Morgan Est plc
- Company type: Private
- Industry: Construction, Civil engineering
- Founded: 1985
- Headquarters: Rugby, Warwickshire, UK
- Parent: Morgan Sindall Group
- Website: www.morganest.com

= Morgan Est =

British based construction company

Morgan Est plc was a British-based construction company specialising in infrastructure services headquartered in Rugby, Warwickshire, England.

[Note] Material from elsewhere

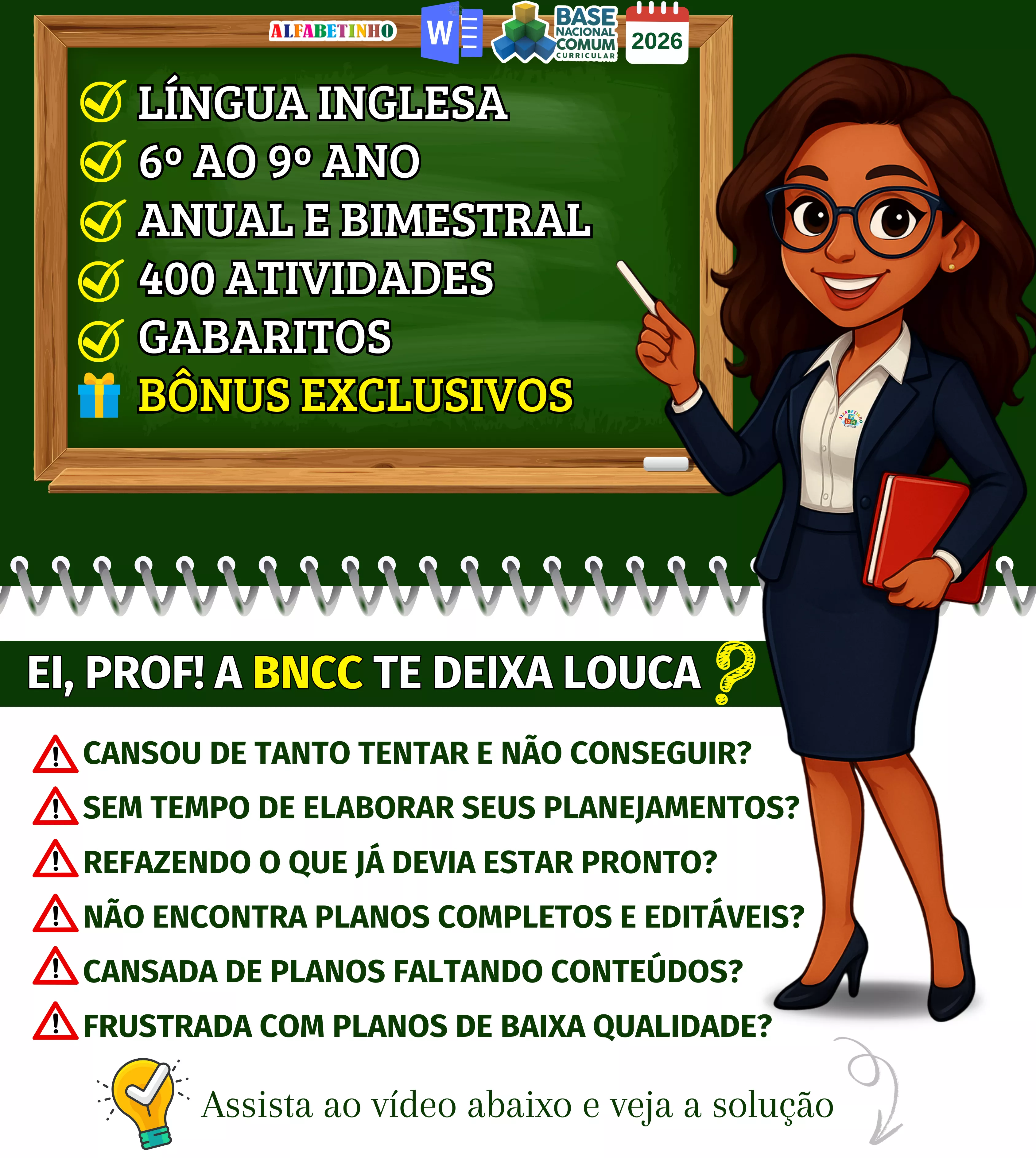 Planejamentos e atividades anuais e bimestrais completos, atualizados conforme a BNCC 2026, totalmente editáveis no Word e adaptáveis à sua realidade escolar. Praticidade, qualidade e inspiração para professores que amam ensinar!

It merged with the sister company Morgan Ashurst to form combined infrastructure and construction company Morgan Sindall, which is itself part of the Morgan Sindall Group.

==History==
Morgan Est's roots can be traced back to the acquisition of the Miller group, and was born out of the acquisitions of Miller Civil Engineering Services Ltd by Morgan Sindall plc in 2001. In 2002, Morgan Est also entered the utility sector with the acquisition of Pipeline Constructors Ltd and in 2006 entered the rail sector with the acquisition of Gleeson MCL. In July 2007, the company bought the civil engineering part of Amec DPS, followed by Elec Track Installations (ETI) in January 2008.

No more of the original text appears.